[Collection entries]
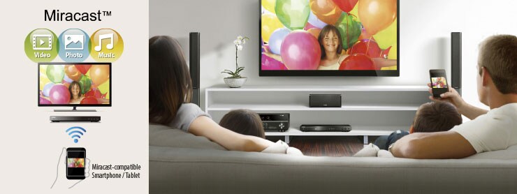 Denne Blu-ray Disc-spilleren er kompatibel med Miracast, en trådløs standard som lar deg koble Miracast-kompatibel smarttelefon eller nettbrett for speiling av videoer og bilder til spilleren, slik at hele familien kan se dem på TVen. Når du bruker en Yamaha AV-receiver, vil du kunne nyte en rekke medier speilet via Miracast med fantastisk lyd.
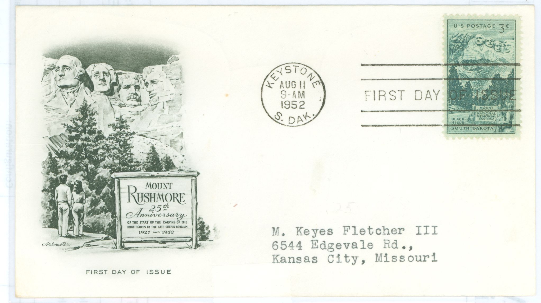 US 1011 1952 Mount Rushmore, typed address
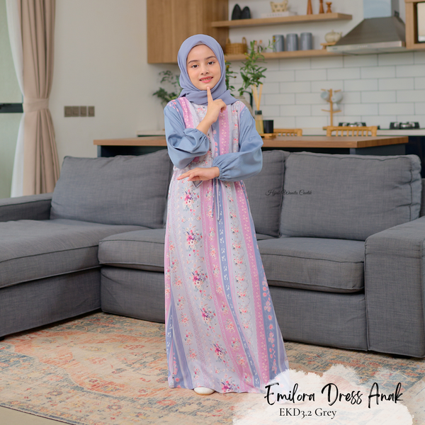 [ READY STOCK ] CLEARANCE SALE Emilora Dress Anak Custom - CDR3.2 Grey
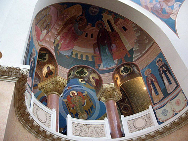 «...И когда были демонтированы последние балки, закрывавшие общий вид убранства собора, всем нам вдруг открылась такая жемчужина, что мы ахнули от изумления. Мне сразу же пришли на память слова Любушки: “А какая откроется жемчужина!”». Блаженная Любушка Сусанинская – духовное чадо покровительствующего обители преподобного Серафима Вырицкого.
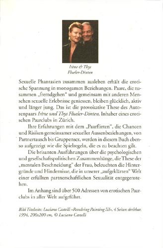 Sexuelle Phantasien gemeinsam ausleben erhält die erotische Spannung in monogamen Beziehungen. Paare, die zusammen fremdgehen und gemeinsam mit anderen Menschen sexuelle Erlebnisse geniessen, bleiben glücklich, aktiv und länger jung. Anhang mit über 500 Adressen von erotischen Paarclubs in aller Welt.

What the task requires:
Set down every record above exactly as it stands, but skip the pictures.

Result of this exercise:
 Denne Blu-ray Disc-spilleren er kompatibel med Miracast, en trådløs standard som lar deg koble Miracast-kompatibel smarttelefon eller nettbrett for speiling av videoer og bilder til spilleren, slik at hele familien kan se dem på TVen. Når du bruker en Yamaha AV-receiver, vil du kunne nyte en rekke medier speilet via Miracast med fantastisk lyd.
 US 1011 1952 Mount Rushmore, typed address
 [ READY STOCK ] CLEARANCE SALE Emilora Dress Anak Custom - CDR3.2 Grey
 «...И когда были демонтированы последние балки, закрывавшие общий вид убранства собора, всем нам вдруг открылась такая жемчужина, что мы ахнули от изумления. Мне сразу же пришли на память слова Любушки: “А какая откроется жемчужина!”». Блаженная Любушка Сусанинская – духовное чадо покровительствующего обители преподобного Серафима Вырицкого.
 Sexuelle Phantasien gemeinsam ausleben erhält die erotische Spannung in monogamen Beziehungen. Paare, die zusammen fremdgehen und gemeinsam mit anderen Menschen sexuelle Erlebnisse geniessen, bleiben glücklich, aktiv und länger jung. Anhang mit über 500 Adressen von erotischen Paarclubs in aller Welt.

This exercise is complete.